◆ PROBLEM TO SOLVE: When copying the listing below, skip every picture and repeat exactly the lines from the first one through the line that contains "Available as an".

◆ DATASET CONTENT:
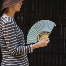 涼し気でシャリ感のある近江ちぢみを使った和モダンな扇子。
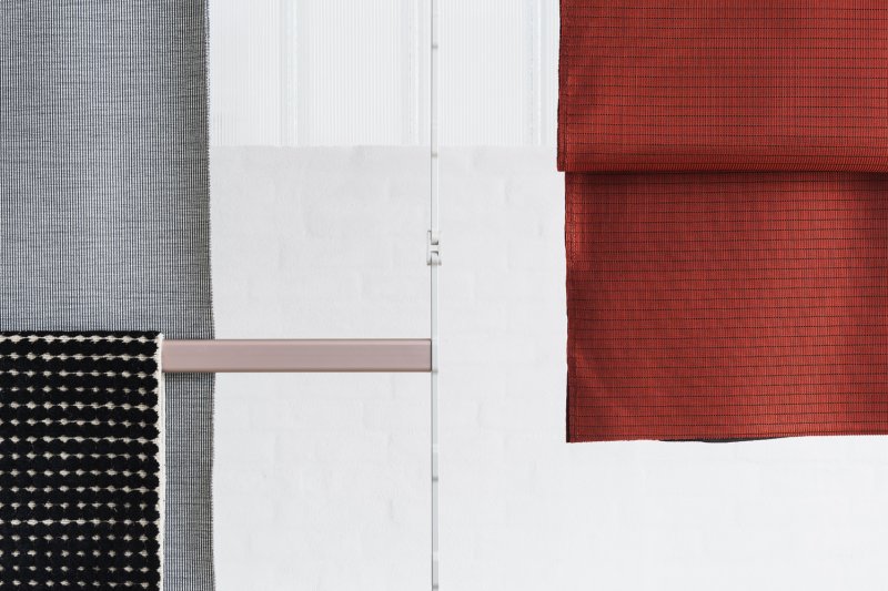 Fabrics are wonderful because most of the times their appearance naturally flows from their making. They are all the colors and structures of the yarns blending into your eyes and not a final coating that would erase the deepness. That is what we wanted to make visible, in great surface, taking the natural atmosphere of the space as a background.
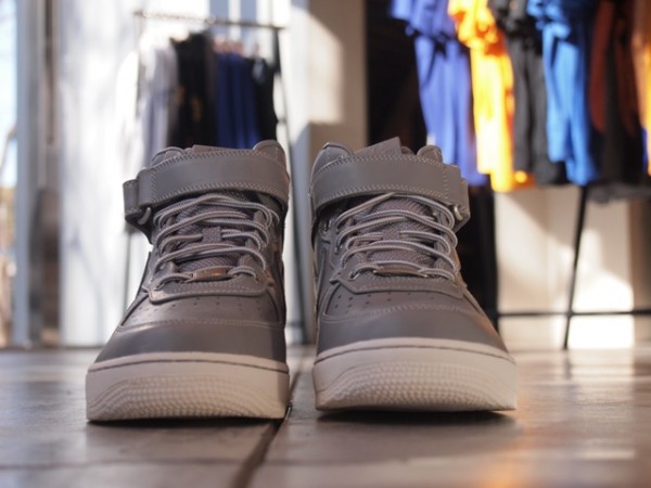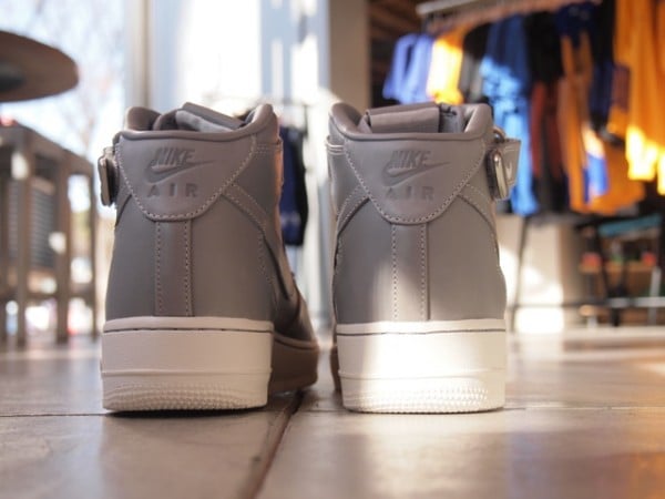 Available as an alternative to the “Olive Workboot” Air Force 1 Mid we showed you earlier today is a grey colorway.
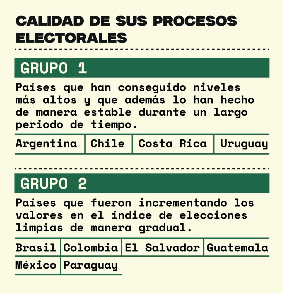 En esta evaluación global se evidencia que no todos los países de América Latina cuentan con el mismo nivel de calidad de sus procesos electorales. Los países se pueden agrupar en cuatro grupos. En el primer grupo se encuentran aquellos países que han conseguido niveles más altos y que además lo han hecho de manera estable durante un largo periodo de tiempo (Argentina, Chile, Costa Rica y Uruguay). Tanto Costa Rica como Uruguay son los que aparecen con valores medios por encima de 0.9 puntos porcentuales, los más cercanos al valor más alto del Índice. En el segundo grupo están los países que fueron incrementando los valores en el Índice de Elecciones Limpias de manera gradual con el transcurso del tiempo y que han enfrentado varias situaciones conflictivas respecto a la gobernanza electoral (Brasil,

◆ SOLUTION TO THIS EXERCISE:
 涼し気でシャリ感のある近江ちぢみを使った和モダンな扇子。
 Fabrics are wonderful because most of the times their appearance naturally flows from their making. They are all the colors and structures of the yarns blending into your eyes and not a final coating that would erase the deepness. That is what we wanted to make visible, in great surface, taking the natural atmosphere of the space as a background.
 Available as an alternative to the “Olive Workboot” Air Force 1 Mid we showed you earlier today is a grey colorway.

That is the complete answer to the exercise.